On the night of this demonstration, I saw the forecast was Partly Cloudy. But the sky was clear all night, at least for the time I was outside with the telescope. I noted those rain showers in Iowa, below, were well away from me, so I was reasonable sure I had enough time this night for a telescope session.
Step Two: Telescope Setup
Your telescope setup will vary based on the specific type. If you have a refactor and tripod, you simply need to set the tripod up and attach the telescope to it, if not already done so. You will want to use the firmest and steadiest floor surface available to you. But note this, that you probably do not want to place the telescope over asphalt/pavement after a hot day, because asphalt stores heat through the day and releases it at night. This will impact the telescope's mirror/lens and distort the image.
You will also want to allow the telescope to "cool" (or warm) outside so the equipment acclimates to your immediate outside temperatures. In general, the larger the telescope, the more time you should allow. For my 5-inch / 127 mm Mak-Cass, I give it about 20 minutes. For my 10-inch / 254 mm Dobsonian, I allow at least 45 minutes, and try for at least an hour.
For my homemade Dobsonian, the setup requires me to take its two main components outside onto my deck separately.
An advatange of a Dobsonian over some other telescopes is that it is extremely easy to transport and re-assemble. All I have to do it lift the tube onto its swivel mount, an I am done!
I like to swivel the telescope towards my target for the night, so that I confirm I have enough clearance all around:
Notice that I did all of the above in daylight, within an hour of Sunset. This is the point where I let the telescope settle for at least an hour, and would come back to it later once the sky was sufficiently dark.
Step Three: Collimation (Dobsonsian Only)
You only need to perform collimation if you have a Dobsonian and/or reflector telescope like I do. And if you have this type of telescope, likely you already know the process. But for reference, here is how I collimate my Dobsonian before any session, whether photography or just observation.
Collimation involves adjusting the secondary (small) mirror first, followed by the main primary mirror.

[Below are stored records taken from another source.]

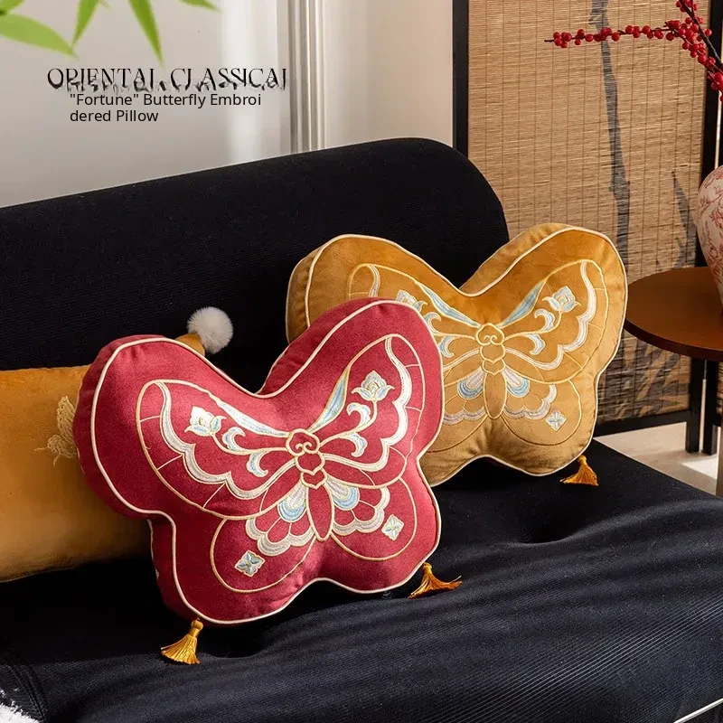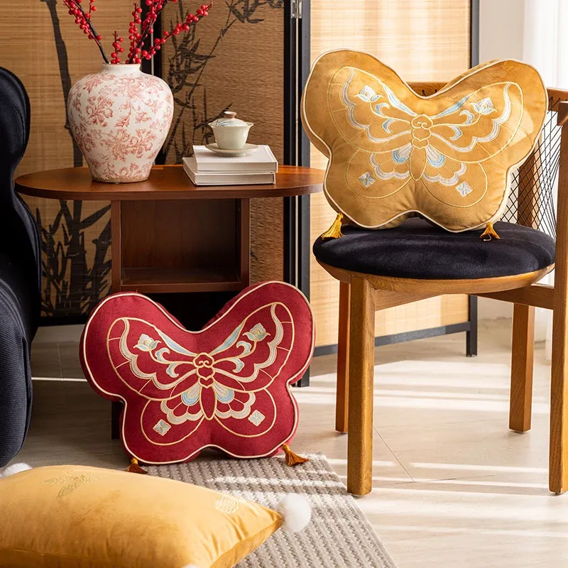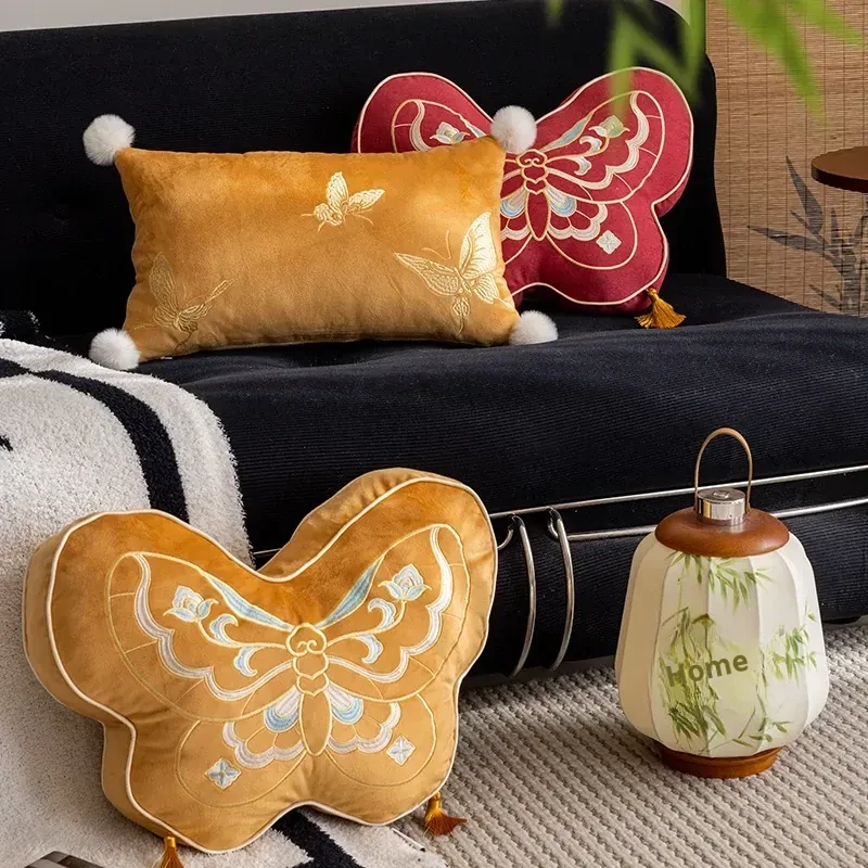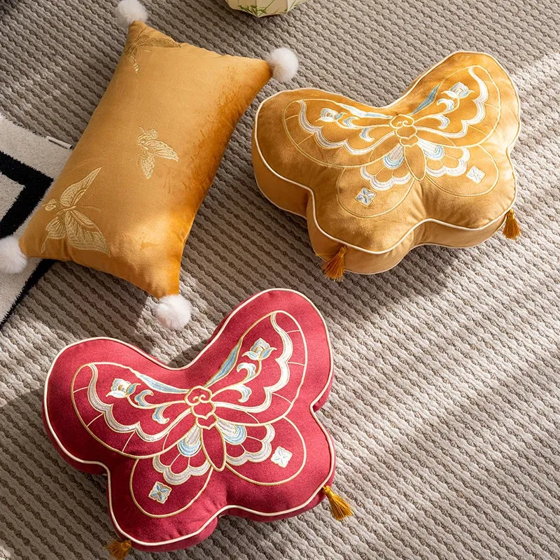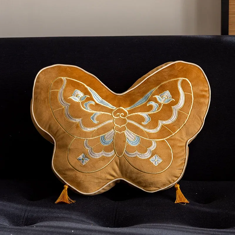 Elegant New Chinese Style Butterfly-Shaped Throw Pillow | Luxurious Sofa Cushion for Living Room, Window Seat, and Bedside | Perfect for Showrooms and Chic Decor
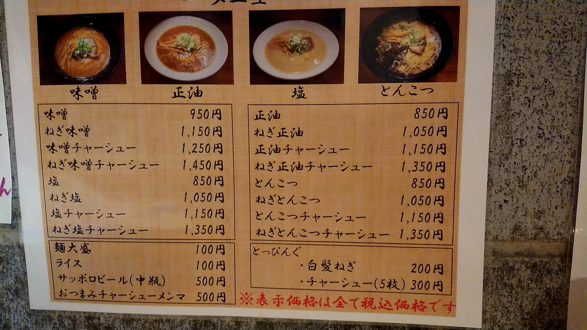 味噌、塩、正油、とんこつが揃う。
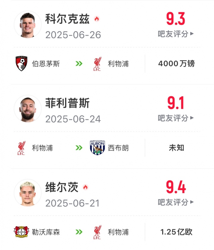 在7月24日利物浦官宣签下埃基蒂克时,驳斥区不少质疑声。吧友们仅给埃基蒂克的转会打出6.3的评分,评分呈现南北极分化趋势,远低于维尔茨的9.4分和科尔克兹的9.3分。
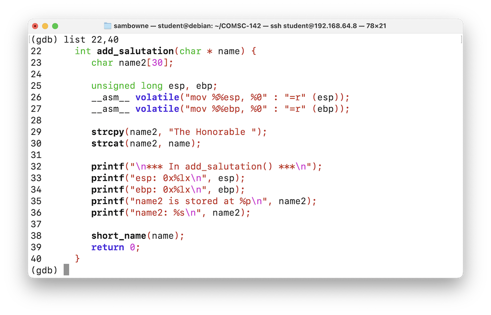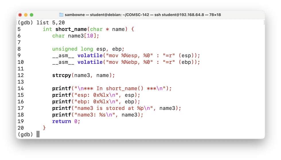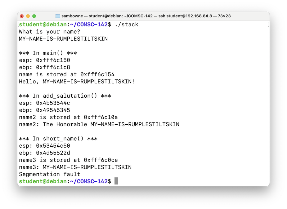 MY-NAME-IS-RUMPLESTILTSKINThe program proceeds through the add_salutation() function, and crashes in the short_name() function, as shown below.
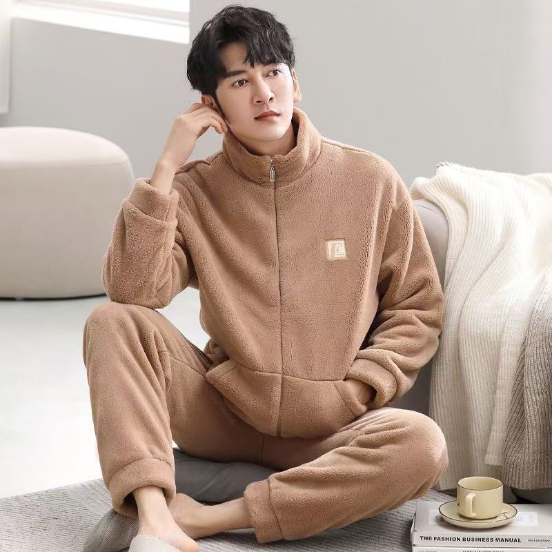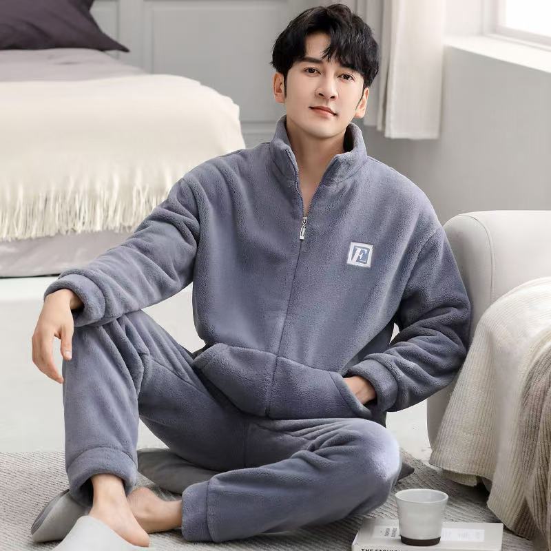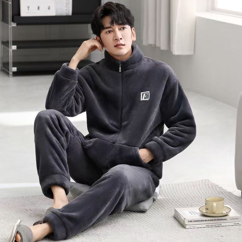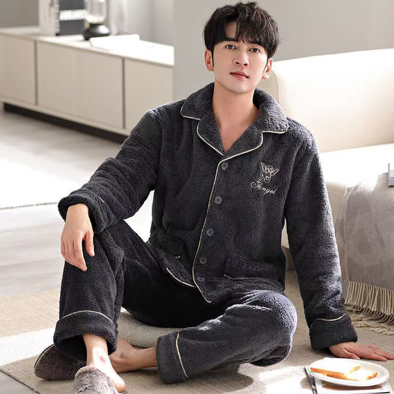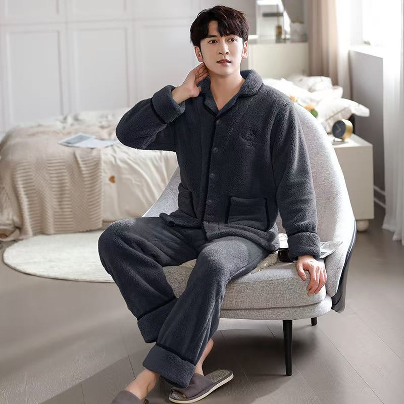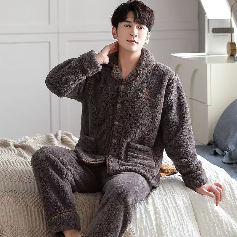 겨울 플란넬 파자마 남성 카디건 스탠드 칼라 긴 소매 따뜻한 섬 벨벳 겨울 청소년 산호 양털 집 옷스토어 가기
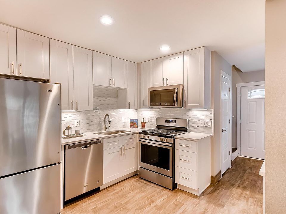 Fully remodeled 2 bedroom/1.5 bathroom townhouse in a 4plex building walking distance to Central Market. This home features quartz counters in kitchen & bath, stainless steel appliances w/5 burner chef's stove, tile backsplash, designer plumbing fixtures, fresh paint & premium tile/faux wood floors. Enjoy lower utility bills with energy efficient construction, newer double paned windows & LED lighting/ceiling fans. This home lives large with an open kitchen, dining and living floor plan downstairs with two bedrooms upstairs. The kitchen has under cabinet lighting and soft close cabinets. There are ample windows & 2 in blinds which provide excellent natural lighting. The private, fenced back patio is the perfect place to entertain or simply enjoy your morning cup of coffee. The refrigerator is included and there is a private washer/dryer room off the patio. Premium 78745 location close to downtown, Central Market, Regal Cinema & shops/restaurants on South Lamar with east access to Ben White, Mopac & I35..
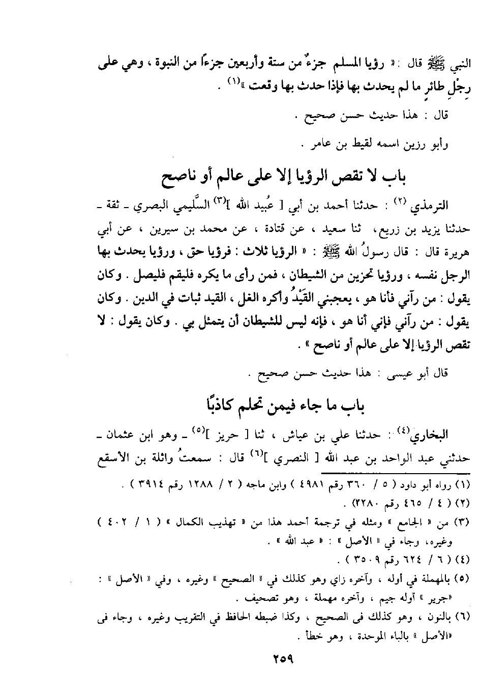 التِّرْمِذِيّ: حَدثنَا أَحْمد بن أبي [عبيد الله] السليمي الْبَصْرِيّ - ثِقَة - حَدثنَا يزِيد بن زُرَيْع، ثَنَا سعيد، عَن قَتَادَة، عَن مُحَمَّد بن سِيرِين، عَن أبي هُرَيْرَة قَالَ: قَالَ رَسُول الله - صَلَّى اللَّهُ عَلَيْهِ وَسَلَّم َ -: " الرُّؤْيَا ثَلَاث: فرؤيا حق، ورؤيا يحدث بهَا الرجل نَفسه، ورؤيا تحزين من الشَّيْطَان، فَمن رأى مَا يكره فَليقمْ فَليصل. وَكَانَ يَقُول: من رَآنِي فَأَنا هُوَ، يُعجبنِي الْقَيْد وأكره الغل، الْقَيْد ثبات فِي الدَّين. وَكَانَ يَقُول: من رَآنِي فَإِنِّي أَنا هُوَ، فَإِنَّهُ لَيْسَ للشَّيْطَان أَن يتَمَثَّل بِي. وَكَانَ يَقُول: لَا تقص الرُّؤْيَا إِلَّا على عَالم أَو نَاصح ".
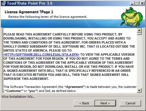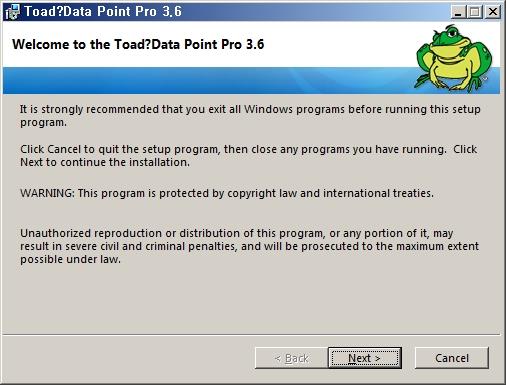 Toad Data Point 설치 CD 혹은 다운로드 받은 파일을 실행합니다. Next 버튼을 누릅니다.
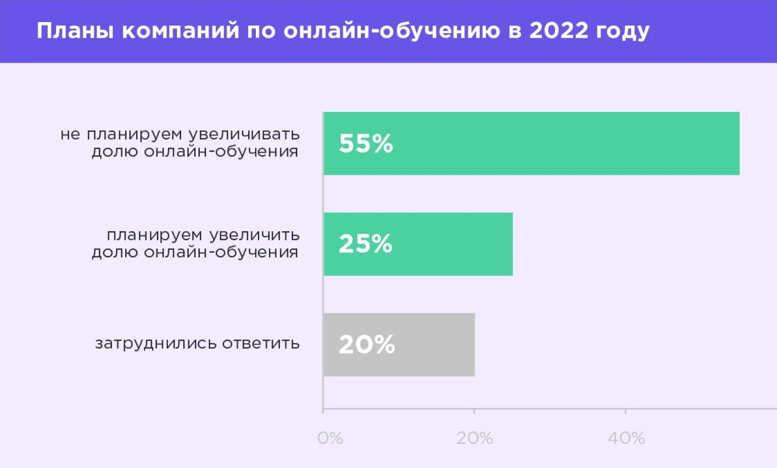 По данным исследователей, в 2022 году треть опрошенных планирует активнее обучать сотрудников. При этом половина респондентов не сформировали новую стратегию обучения, а ещё 20% вообще не планируют менять свои планы и темпы обучения персонала.
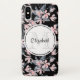 Casemate Handy Gehäuse mit elegantem Muster aus einer Aquarellbilderung von rosa Blume mit blau-grauen Blätter und Stielen. Klassischer schwarzer Hintergrund. Ein weißer Kreis überlagert mit Ihrem Namen und einem Monogramm, das sich im Inneren befindet.
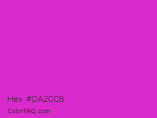 Hex #da2ccb Color is a normal magenta color and the nearest color is Steel Pink #cc33cc. Hex code #da2ccb and RGB value is rgb(218,44,203). In RGB color space, this color is composed of 85% red, 17% green, 80% blue, In CMYK color space, this color is composed of 0% cyan, 80% magenta, 7% yellow , 15% black , In HSL color space, this color has a hue angle of 305° , 70% saturation and 51% lightness.
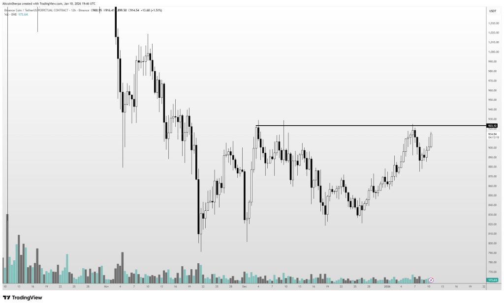 Altcoin Sherpa придерживается простого и дисциплинированного подхода. Вместо того чтобы пытаться предсказать пробой, он ждет подтверждения. На 12-часовом графике цена BNB все еще ограничена той же зоной сопротивления $923–$930 , которая останавливала ралли несколько раз.
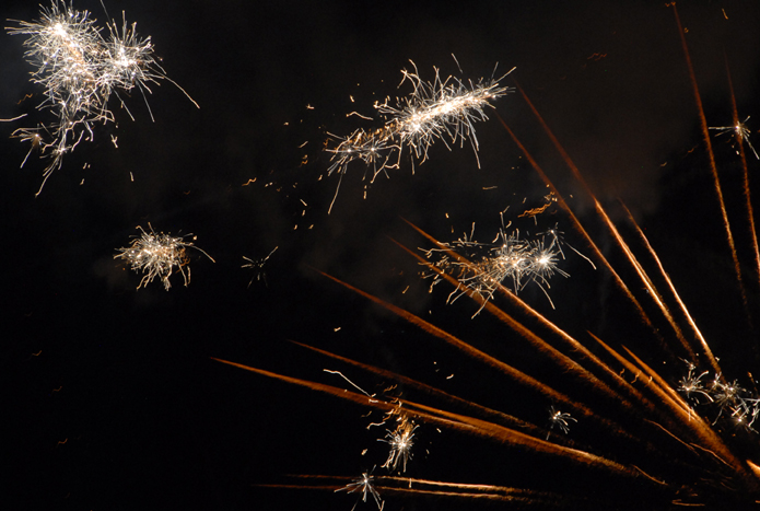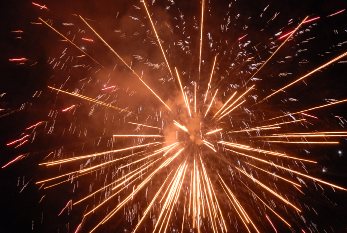 燦爛的焰火映紅五建的夜空
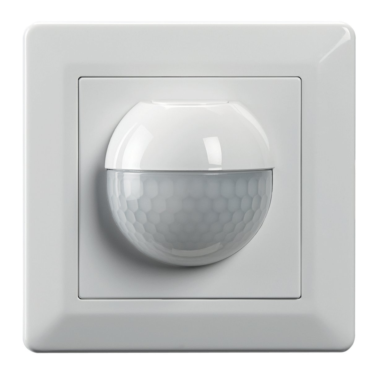 PIR bevægelsessensor med 180° detekteringsvinkel. Planforsænket til vægmontering, IP40, 230V AC (EURO).
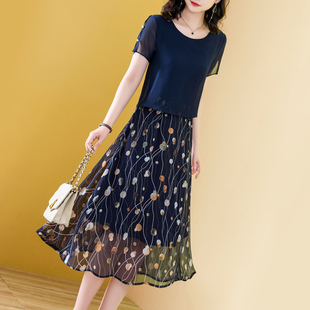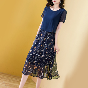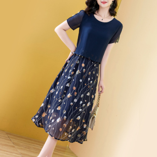 拼接花边立领新中式 裙子女新款 连衣裙18465815 佐丹奴短袖 设计师款
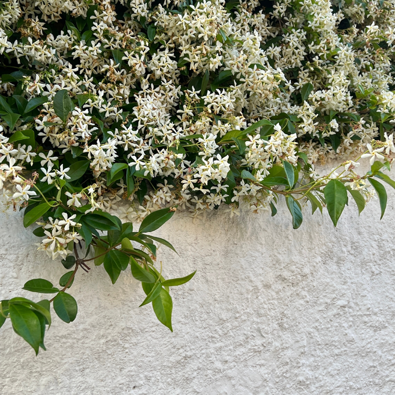 Le Trachelospermum est aussi connu sous le nom de jasmin toscan ou jasmin étoilé. C’est une plante grimpante très appréciée, qui se distingue par ses fleurs blanches en forme d’étoile, aussi élégantes que parfumées. Leur parfum intense de jasmin évoque instantanément les étés méditerranéens. Et grâce à son feuillage persistant, il habille murs, clôtures ou treillages toute l’année, même en hiver.

Once the telescope has settled to the outside temperatures, I attach the laser collimator to the eyepiece holder, and turn it on:
On the laser collimator is a "bullseye" and I ensure this is pointed towards the back of the telescope so that I can align the laser in a moment. Once the collimator is on, I peer down the telescope's tube. At the center of the primary mirror is a little sticker marker, and I should see the laser, bouncing off the small secondary mirror, somewhere near the sticker. I must manually wiggle the three balsa wood legs bracing the secondary mirror until the laser points as close to the center of the primary mirror's sticker as possible, like so:
Once the front of the telescope is set like this, I need to go to the back of the telescope. One my homemade Dobsonian there are three bolts that control the positioning of the primary mirror:
Like I did with the secondary mirror up front, I must move the primary mirror, via the three bolts and using the pliers, to align the laser in the middle of the collimator's bullseye. Usually, I only need to twist the top screw a bit:
On a commercial telescope, you likely will have thumb screws or similar to twist easily with your hands. My homemade Dobsonian uses these manual bolts moved by my pliers, as shown above in this article.
Once the alignment is finished, I turn off the laser collimator, and replace it in the eyepiece mount with the actual eyepiece I will use for the evening's telescope session.
Step Four: Preparing the Phone
This part may be done at any time, and I usually do it while the telescope is adjusting to the outside temperature.
Attach the phone to the phone adapter. It takes a little practice to align your phone exactly to your adapter. I recommend pointing the phone, with a camera app active, to a bright location to help with centering it on the adapter.
Firmly secure the phone with the thumb screw on the back.
Step Five: Focus!
Before proceeding further, you must focus, literally, your telescope on the Moon. How you target and focus on the Moon will, again, depend on your specific telescope. You want to get as good of a focus as possible before you attach the phone and adapter to the eyepiece.
Practice is always the name of the game here. In fact, I recommend being comfortable with using and focusing your telescope before you attempt Lunar imaging. How to focus on the Moon, observe, and appreciate the sight should be second nature before attaching your smartphone to the telescope and taking photos. Patience is best.
Step Six: Continual Calibration
The phone is mounted to the adapter. The telescope is focused and mostly pointing the correct position towards the Moon. Now you may attach the adapter to the telescope.
Again, this is all about practice. A key concept here is to remember that the sky is always moving. So unless you have a computerized mount tracker, you are going to have to keep adjusting your telescope slightly to keep the Moon in view. Practice, practice, practice, again before you attempt smartphone imaging is best. The Moon will move out of view, but it's a slow move and you need to learn how to gradually nudge the telescope to keep the Moon within sight of the eyepiece.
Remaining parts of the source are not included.